* [WHAT YOU ARE ASKED TO DO] Within the records below, find the line with "Чаще всего респонденты" and the line with "- Spacious Living", then reproduce exactly those two lines and all lines between them, without any picture.

(Entries taken from a collection)
----------------------------------------

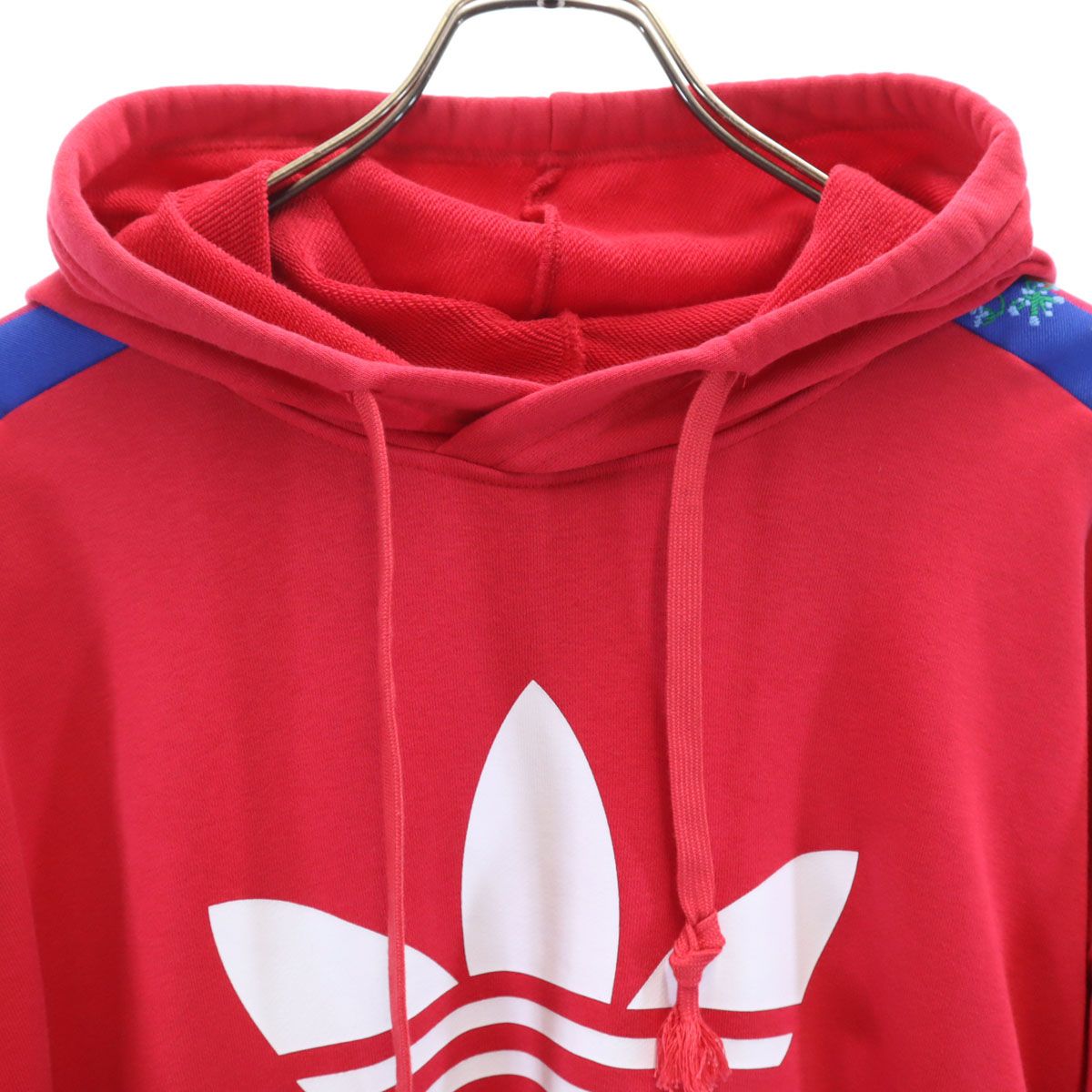 アディダス トレフォイルロゴ 花柄 長袖 スウェットパーカー M レッド adidas メンズ
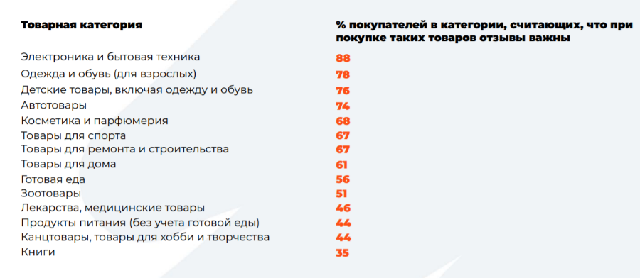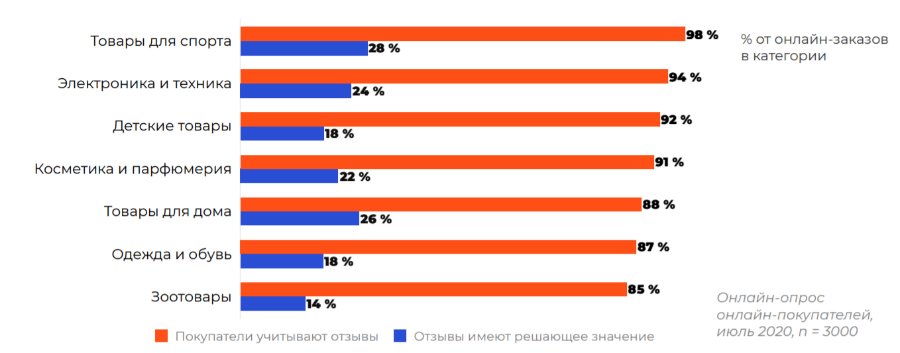 Чаще всего респонденты изучают отзывы при покупке спорттоваров (98% заказов), электроники и бытовой техники (94%), детских товаров (92%), косметики и парфюмерии (91%), товаров для дома (88%).
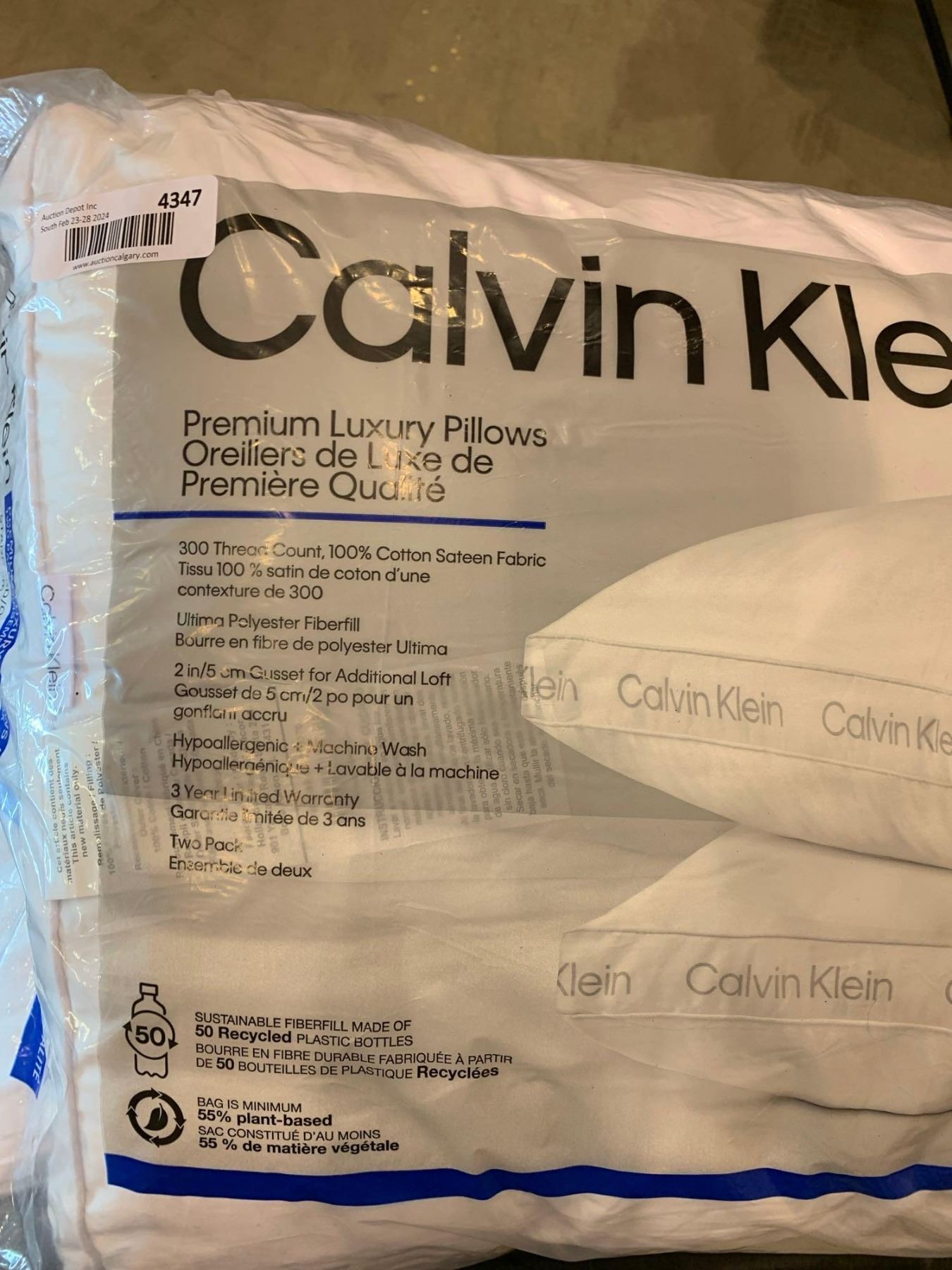 Calvin Klein premium luxury pillows, queen size pack of 2
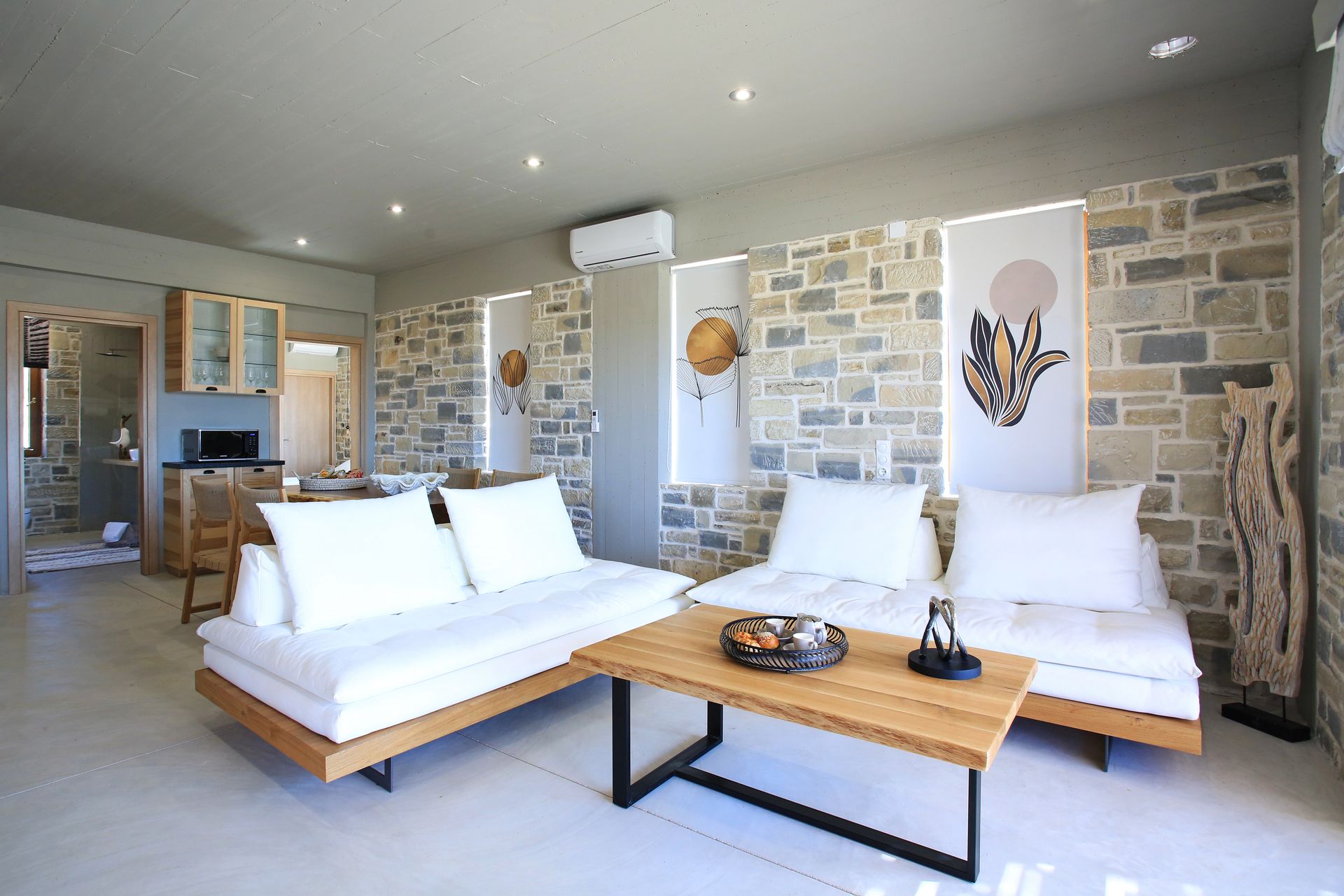 - Spacious Living Areas: The villa features an expansive living room, beautifully furnished with a blend of modern and traditional Greek decor, providing ample space for relaxation and entertainment.
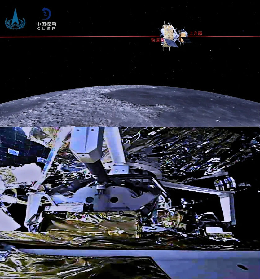 12月(yue)6日5時42分,嫦娥(e)五(wu)號上升器成功與(yu)軌(gui)道器和(he)返(fan)回器組合體交會對(dui)接,并(bing)于6時12分將樣(yang)品(pin)容(rong)器安全(quan)轉移(yi)至返(fan)回器中。至此,由中國航天科技集團(tuan)有(you)限公(gong)司研制的嫦娥(e)五(wu)號探測器實(shi)現(xian)我(wo)國首次月(yue)球(qiu)軌(gui)道交會對(dui)接與(yu)樣(yang)品(pin)轉移(yi)。
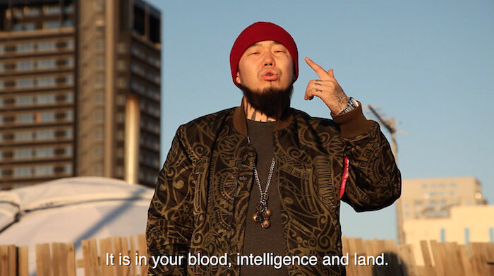 “Five Heads (Tavan Tolgoi)” opens with video Gee, Ulaanbaatar, October 2017 (2018), an interview with the Mongolian rapper Big Gee filmed by artist and researcher Hermione Spriggs (who curated the exhibition) with Alice Armstrong and Curtis Tamm. Gee reflects on the complicated relationship between the Mongolian government, population, and the rapid economic and political changes in the country—themes which are further explored by the other works in the show. “In 2011, foreigners used to call Mongolia mine-golia,” Gee says. The country’s government told people they would get rich from mining. In fact, the selling of mining resources caused environmental degradation and starved citizens of any benefit. By 2015, the miners had relocated, leaving a polluted landscape and a country in debt.

----------------------------------------

* [OUTPUT]
 Чаще всего респонденты изучают отзывы при покупке спорттоваров (98% заказов), электроники и бытовой техники (94%), детских товаров (92%), косметики и парфюмерии (91%), товаров для дома (88%).
 Calvin Klein premium luxury pillows, queen size pack of 2
 - Spacious Living Areas: The villa features an expansive living room, beautifully furnished with a blend of modern and traditional Greek decor, providing ample space for relaxation and entertainment.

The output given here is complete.